** Input records **
====================

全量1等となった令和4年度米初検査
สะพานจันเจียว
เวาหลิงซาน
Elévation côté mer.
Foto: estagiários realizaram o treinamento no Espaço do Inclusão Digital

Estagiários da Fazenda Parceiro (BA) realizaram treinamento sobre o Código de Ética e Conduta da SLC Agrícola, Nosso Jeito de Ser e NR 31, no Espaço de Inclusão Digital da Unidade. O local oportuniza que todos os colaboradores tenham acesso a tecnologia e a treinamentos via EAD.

====================

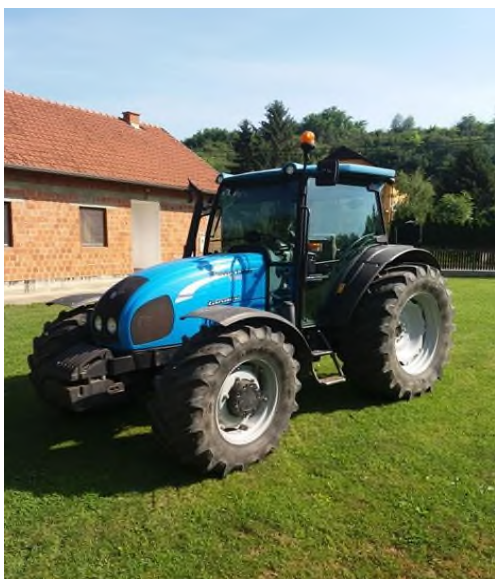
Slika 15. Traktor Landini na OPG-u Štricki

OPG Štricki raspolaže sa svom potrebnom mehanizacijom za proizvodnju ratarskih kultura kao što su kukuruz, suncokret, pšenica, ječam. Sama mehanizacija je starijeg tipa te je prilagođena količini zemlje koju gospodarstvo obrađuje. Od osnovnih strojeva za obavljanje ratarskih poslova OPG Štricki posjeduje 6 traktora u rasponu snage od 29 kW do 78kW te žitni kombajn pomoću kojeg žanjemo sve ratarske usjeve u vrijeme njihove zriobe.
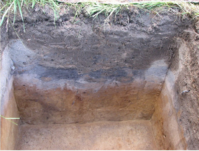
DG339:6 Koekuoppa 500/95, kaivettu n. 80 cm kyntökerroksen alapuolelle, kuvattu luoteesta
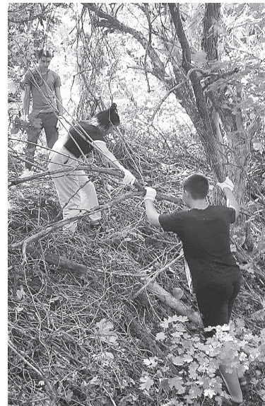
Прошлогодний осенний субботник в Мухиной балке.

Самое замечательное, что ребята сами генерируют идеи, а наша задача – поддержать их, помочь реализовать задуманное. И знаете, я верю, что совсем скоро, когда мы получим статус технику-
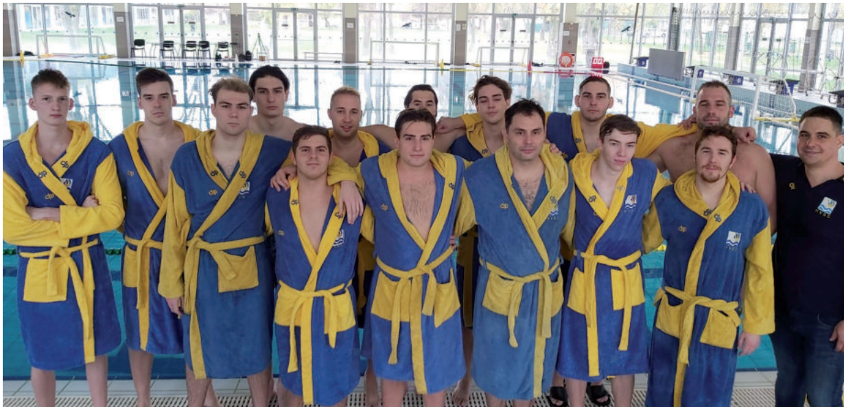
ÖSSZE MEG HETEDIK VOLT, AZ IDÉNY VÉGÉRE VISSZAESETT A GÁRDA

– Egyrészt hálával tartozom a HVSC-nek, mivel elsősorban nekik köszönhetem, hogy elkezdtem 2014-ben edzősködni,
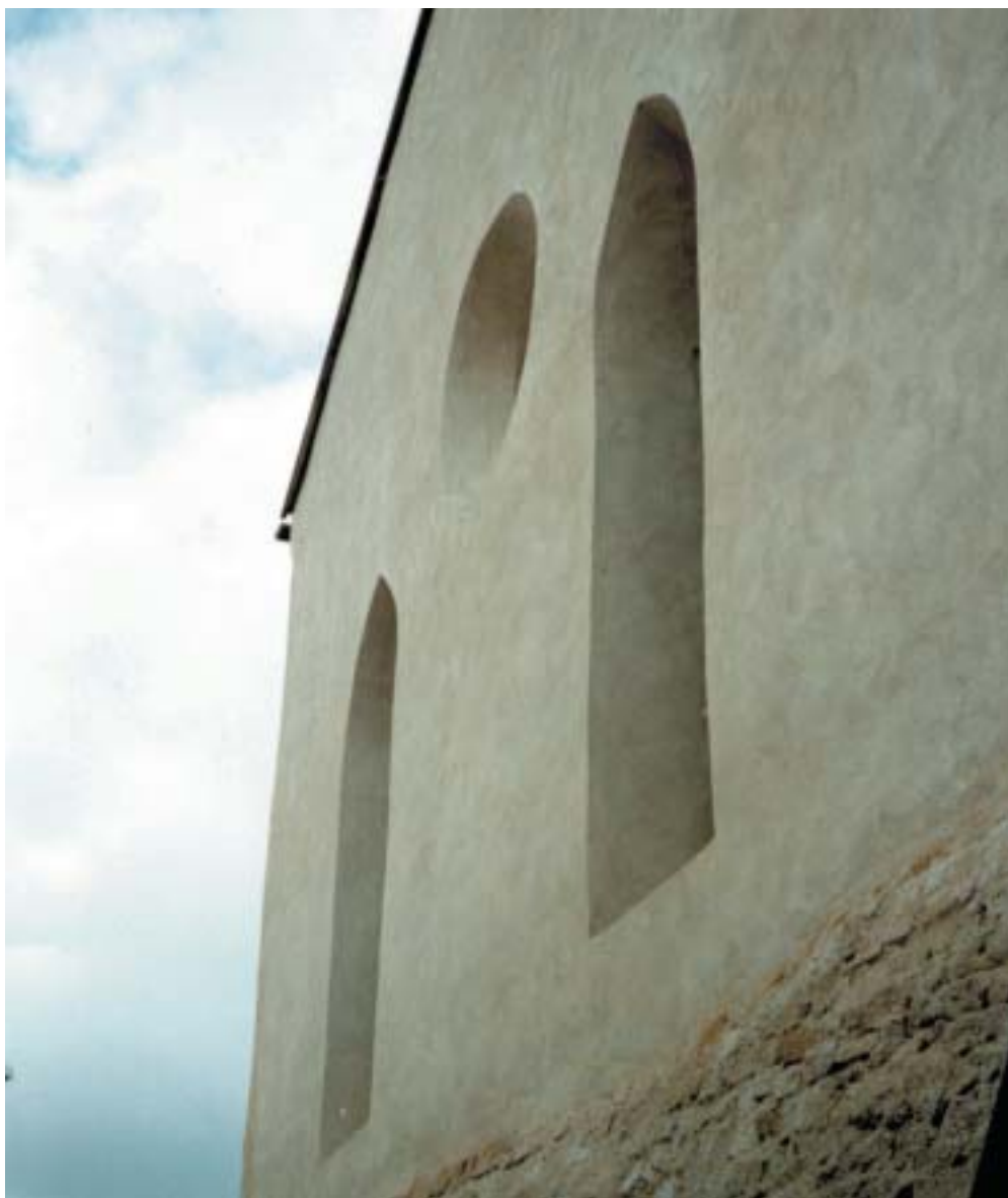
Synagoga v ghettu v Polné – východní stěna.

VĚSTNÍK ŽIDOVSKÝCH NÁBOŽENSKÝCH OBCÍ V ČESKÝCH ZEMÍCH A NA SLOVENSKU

====================

Nothing but the lines from the one with "DG339:6 Koekuoppa 500/95, kaivettu" to the one with "VĚSTNÍK ŽIDOVSKÝCH NÁBOŽENSKÝCH" above, both included, should be transcribed, exactly and without pictures.

DG339:6 Koekuoppa 500/95, kaivettu n. 80 cm kyntökerroksen alapuolelle, kuvattu luoteesta
Прошлогодний осенний субботник в Мухиной балке.

Самое замечательное, что ребята сами генерируют идеи, а наша задача – поддержать их, помочь реализовать задуманное. И знаете, я верю, что совсем скоро, когда мы получим статус технику-
ÖSSZE MEG HETEDIK VOLT, AZ IDÉNY VÉGÉRE VISSZAESETT A GÁRDA

– Egyrészt hálával tartozom a HVSC-nek, mivel elsősorban nekik köszönhetem, hogy elkezdtem 2014-ben edzősködni,
Synagoga v ghettu v Polné – východní stěna.

VĚSTNÍK ŽIDOVSKÝCH NÁBOŽENSKÝCH OBCÍ V ČESKÝCH ZEMÍCH A NA SLOVENSKU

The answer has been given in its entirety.